In a twitter conversation I mentioned that my department had a decent record bringing in a gender balanced set of speakers. That was silly of me. Since people tend to overestimate diversity I figured it was possible I misremembered. So I checked the last 8 years of speakers in the big department colloquium.


For last year I was correct. About 50/50. For previous years...not so much. That's a pretty dramatic jump towards parity (the talk series is very broad including areas with high % of women researchers. no real excuse).

Related, I highly recommend the quick read There's No Excuse for all White Male Panels. Print it out. Put it in your chairs's mailbox. Email spam it to your society listserv. I'm guessing that the committee here took some of the suggestions to heart (or someone told them to).  Trust me, if the fine fellows here can get their act together and look beyond their golfing buddies, you can too.

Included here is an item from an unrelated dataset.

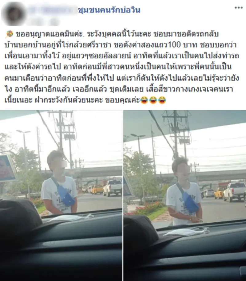 วันที่ 28 เมษายน ผู้ใช้เฟซบุ๊กท่านหนึ่ง ได้มีการโพสต์เตือน หลังจากที่เจอชายรายหนึ่ง มายืนขอความช่วยเหลืออยู่ข้างทาง แต่ทว่าชายรายนี้ กลับมีพฤติกรรมเข้าข่ายเป็นมิจฉาชีพขออนุญาต...ค่ะ ระวังบุคคลนี้ไว้นะคะ ชอบมาขอติดรถกลับบ้านบอกบ้านอยู่ที่ไร่กล้วยศรีราชา ขอตังค่าสองแถว100 บาท ชอบบอกว่าเพื่อนเอามาทิ้งไว้ อยู่แถวๆซอยอัลลายน์ อาทิตที่แล้วเราเป็นคนไปส่งท่ารถและให้ตังค่ารถไป อาทิตก่อนมีพี่สาวคนหนึ่งเป็นคนให้เพราะพี่คนนั้นเป็นคนมาเตือนว่าอาทิตก่อนพี่พึ่งให้ไป แต่เราก็ดันให้ตังไปแล้วเลยไม่รุ้จะว่ายังไง อาทิตนี้มาอีกแล้ว เจออีกแล้ว ชุดเดิมเลย เสื้อสีขาวกางเกงเจเจคนเราเนี้ยเนอะ ฝากระวังกันด้วยนะคะ ขอบคุณค่ะ
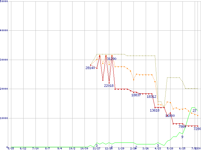 PC2-5300(DDR2-667) DDR2 SDRAM DIMMの最安値推移

Adapted from the linked article:

1. Examine your Selection Process. Who makes the list of possible invites/sources/etc? Do a few grey beards just throw names around during their weekly squash date?
2. Improve you Selection Process. Just because you 'got some good people' last year doesn't mean the process doesn't have room for improvement.
3. Look Beyond the usual suspects. Take Chances. Maybe not every invitation needs to be a known big name.
4. Get Help. Ask for recommendations. Ask widely. Again, step outside of your immediate network.
5. Approach people. You don't need to wait until the perfect opportunity is available to develop connections. Write down names. Keep contact info. Develop a stable of interesting people that's perhaps not as homogenous as the members club at Augusta National. Just a thought. You know depending on your priorities.